What does this say about community programs and is community a declining trend?
I don’t think so.
Community Approaches are Now Mainstream
I do see this as the end of the beginning of online communities. The flux as a sign of a maturing and growing market that is now attracting mainstream attention. But mainstream adopters are very different than the early innovators who were investing in strategic exploration. Mainstream organizations want solutions that integrate with what they have, don’t require them to invest in massive customizations, and supports success by making community management and metrics easy.
That technology solution does not exist yet but big established players think the market is worth investing in. Salesforce and Facebook are both making big investments in the community space, with Facebook going so far as to update its core mission.
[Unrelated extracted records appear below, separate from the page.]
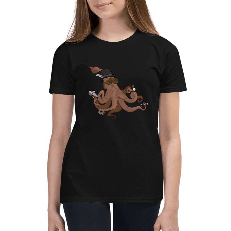 Steampunk Kraken design artwork printed on Youth T-Shirt with latest DTF technology. Our new management team will place serving you. We offer best online shopping experience to our customers with 30 days return and exchange policy. Shop with confidence at T-funny.com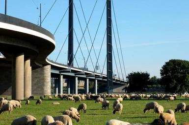 Keywords: bridge rheinbrücke suspension bridge rhine knee bridge düsseldorf sheep architecture technology stahlbau enormous strong steel construction building pylons large traffic road technology and nature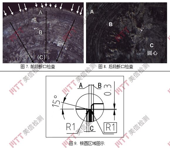 斷裂部位在軸與軸肩過渡處,此位置直徑發(fā)生突變。實(shí)際根圓半徑太小,圓角與直邊接點(diǎn)不相切,應(yīng)力集中程度大,容易開裂。材料強(qiáng)度和疲勞強(qiáng)度越低,開裂趨勢(shì)越大。
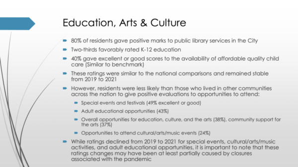 Residents were less likely than those who lived in other communities to give positive evaluations for opportunities to attend special events and festivals, opportunities to attend cultural/arts/music events, adult educational opportunities, community support for the arts, and overall opportunities for education, culture, and the arts.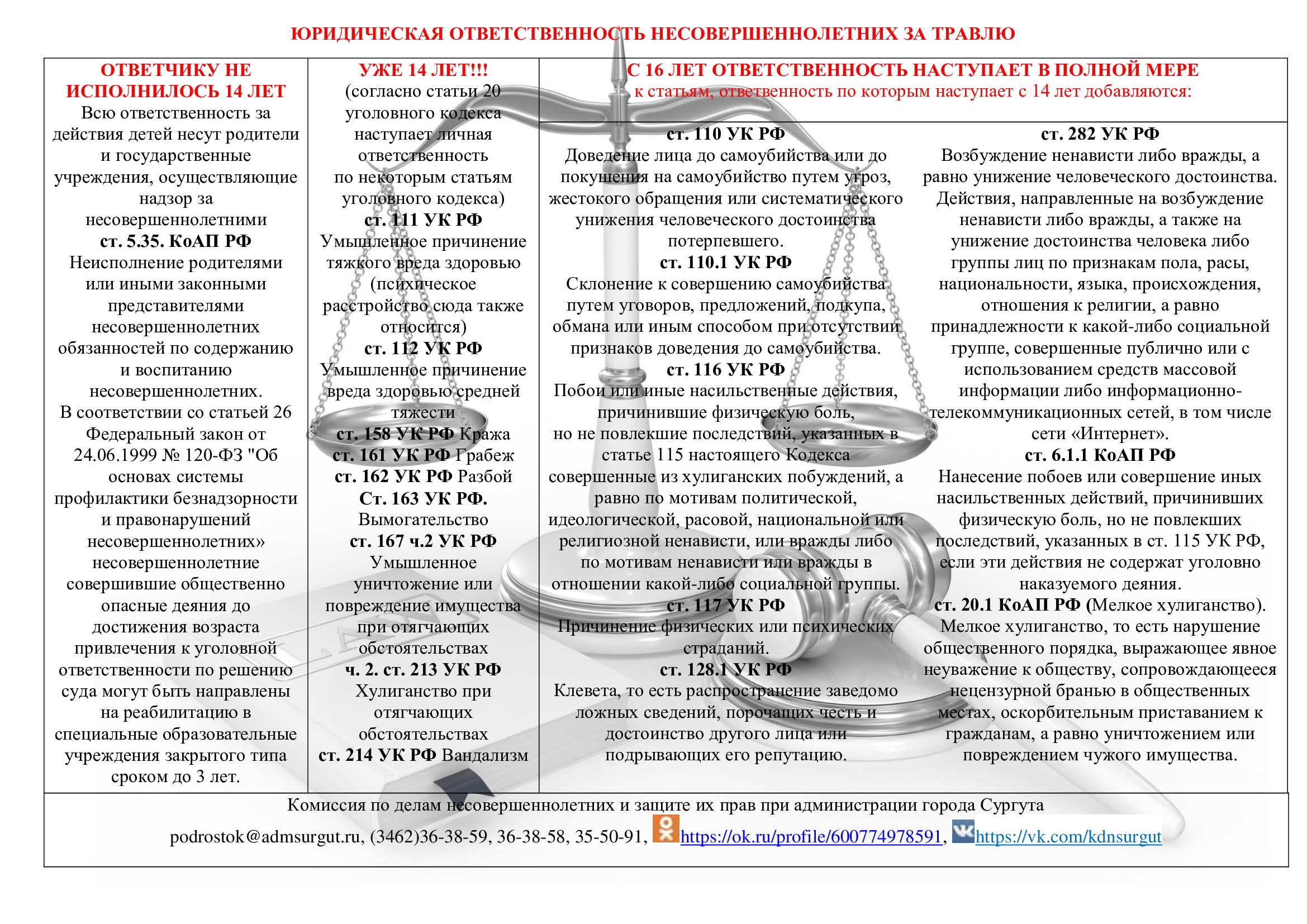 По каким статьям ответственность с 14

Microsoft is slowly but surely integrating Yammer into Office 365 and investing more in its performance, as seen by recent announcements at Microsoft Ignite.
The Focus Will Shift to Established Vendors
For me, this is shaping up to be a Microsoft – Salesforce – Facebook dominated market in a few years, with some other independent players still finding plenty of opportunities, including the reimagined Lithium and vendors like Igloo and Higher Logic. It may, in fact, drive a new era of start-up innovation as mature community programs look to upgrade their functionality with new AI and analytics applications.
As Bill Johnston recently mentioned at the Swarm conference in Australia this summer, we are going through a bit of a Groundhog Day experience in the community space. These big vendors’ community offerings are not yet mature, requiring a lot of customization and add-on functionality, making the market look a bit like 2007 again. Their customers often don’t know what they don’t know and will find themselves in what Thomas Vander Wal calls the “One-Year Club”, realizing that they need more as their program matures.
Recommendations for Community Teams
If you are an organization using any of the platforms going through a transition, this flux is not great news. At a time when executives are finally taking notice, it distracts community teams with evaluating technology (again) and has the potential to trigger a community platform migration.
I recommend the following:
Do a Community ROI Analysis
Clients have told me that doing an ROI analysis paved the way to get more resources for their community program. TheCR advisory team does this type of analysis for clients in a one-day workshop engagement. Other providers can do this for you as well, including both the big analyst firms and some of the smaller community consulting groups. With more resources, you can maintain progress on strategic management goals while evaluating platforms and migrating.
Have a Technology Backup Plan
Even if you don’t plan on moving or think you don’t need to, there is too much risk to avoid having an alternative plan in place should something happen to your vendor. One way members of TheCR Network are attacking this is to share the workload by evaluating community platforms together. These working groups are joining demos together, discussing the different solutions, and adapting TheCR’s vendor analysis tool and feature library for different use cases.
Other ways to accomplish this is to reach out to technical partners like Social Edge, 7 Summits, Grazitti Interactive, and others who can do much of this work for you.
Talk to Analysts
The traditional market analysts at Forrester, IDC, and Gartner are great resources in periods of technical uncertainty. If you are in a big organization it is likely you have access to one or more of these firms. Use them to help understand the market and what the right approach is for you.
Separate Community Management from Technology Management
Community strategy and management will change less quickly than technology. For that reason, many organizations have already separated their community program team from their platform management. They realize that communities – and intentionally managed communities – are critical to their ability to collaborate, innovate, and change regardless of the channel or technology. The technology will continue to change rapidly and the community team should take advantage of new functionality as it becomes available. Make community management a strategic and business enabler and let the IT group sort through the technology.
What did I miss? How are you preparing for coming technology changes?